Except for the pictures, write out all the records that follow exactly.

[Excerpts from a dataset]
+--

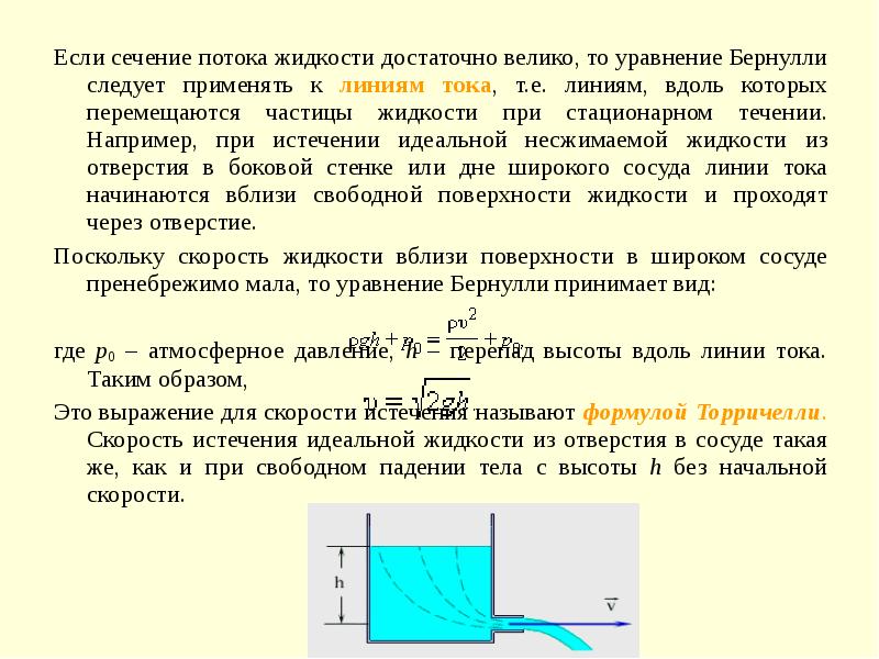 Предположение, что жидкость невязкая, означает, что у нее нет вязкости. Поэтому определенные эффекты вязкости, такие как прилипание воды к стенкам трубы или емкости, не применяются.
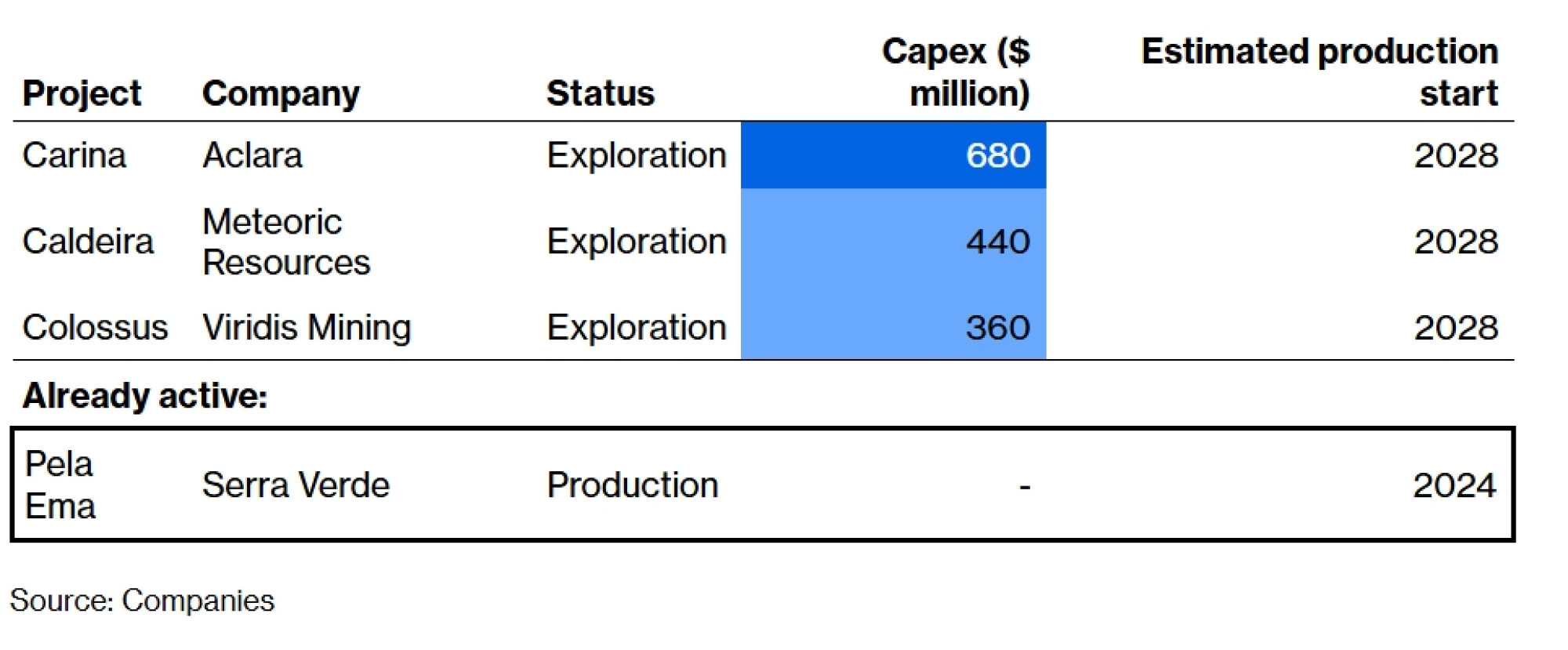Aclara Resources Inc. te australski developeri Meteoric Resources NL i Viridis Mining and Minerals Ltd namjeravaju započeti proizvodnju iz svojih brazilskih resursa do 2028. godine. Kako bi ispoštovali taj raspored, morat će osigurati financiranje do sredine ove godine.
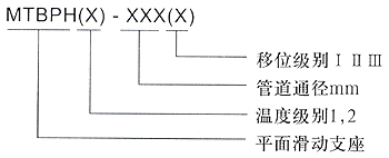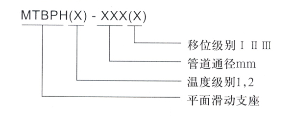 3、選型說明: 若要選溫度低于400℃的平面滑動支座,公稱通徑為1000mm,要求位移為200mm,,則型號為:MTBPH1-1000 II 若要選溫度高于400℃而低于650℃的平面滑動支座,公稱通徑為1000mm,要求位移為300mm,則型號為:MTBPH2-1000 III
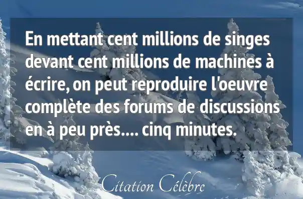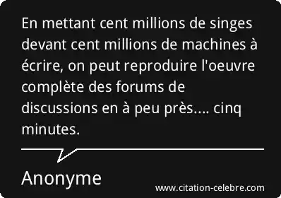 En mettant cent millions de singes devant cent millions de machines à écrire, on peut reproduire l'oeuvre complète des forums de discussions en à peu près.... cinq minutes.
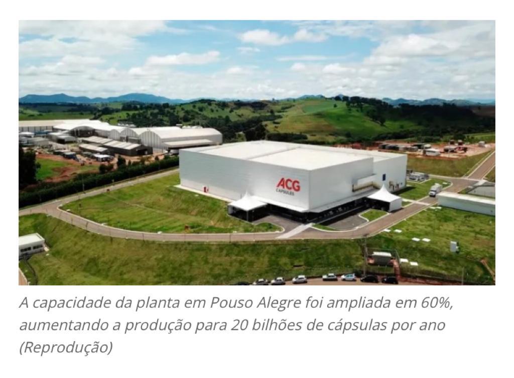 A indústria farmacêutica ACG completou a 1ª fase de um programa de expansão para abertura de quatro novas linhas de produção e geração de 100 novos postos de trabalho diretos e indiretos de sua fábrica em Pouso Alegre (MG), especializada na produção de cápsulas. Conforme a empresa, a capacidade da planta foi ampliada em 60%, aumentando a produção para 20 bilhões de cápsulas por ano. O investimento é de US$ 20 milhões. Segundo o gerente geral de vendas e marketing para o Brasil e América Latina da empresa, Raphael Sideris, a expansão fará com que a fábrica tenha capacidade de atender todo o mercado brasileiro. (Diário Regional – Pouso Alegre)

+--

(OUTPUT OF THE TASK)
 Предположение, что жидкость невязкая, означает, что у нее нет вязкости. Поэтому определенные эффекты вязкости, такие как прилипание воды к стенкам трубы или емкости, не применяются.
Aclara Resources Inc. te australski developeri Meteoric Resources NL i Viridis Mining and Minerals Ltd namjeravaju započeti proizvodnju iz svojih brazilskih resursa do 2028. godine. Kako bi ispoštovali taj raspored, morat će osigurati financiranje do sredine ove godine.
 3、選型說明: 若要選溫度低于400℃的平面滑動支座,公稱通徑為1000mm,要求位移為200mm,,則型號為:MTBPH1-1000 II 若要選溫度高于400℃而低于650℃的平面滑動支座,公稱通徑為1000mm,要求位移為300mm,則型號為:MTBPH2-1000 III
 En mettant cent millions de singes devant cent millions de machines à écrire, on peut reproduire l'oeuvre complète des forums de discussions en à peu près.... cinq minutes.
 A indústria farmacêutica ACG completou a 1ª fase de um programa de expansão para abertura de quatro novas linhas de produção e geração de 100 novos postos de trabalho diretos e indiretos de sua fábrica em Pouso Alegre (MG), especializada na produção de cápsulas. Conforme a empresa, a capacidade da planta foi ampliada em 60%, aumentando a produção para 20 bilhões de cápsulas por ano. O investimento é de US$ 20 milhões. Segundo o gerente geral de vendas e marketing para o Brasil e América Latina da empresa, Raphael Sideris, a expansão fará com que a fábrica tenha capacidade de atender todo o mercado brasileiro. (Diário Regional – Pouso Alegre)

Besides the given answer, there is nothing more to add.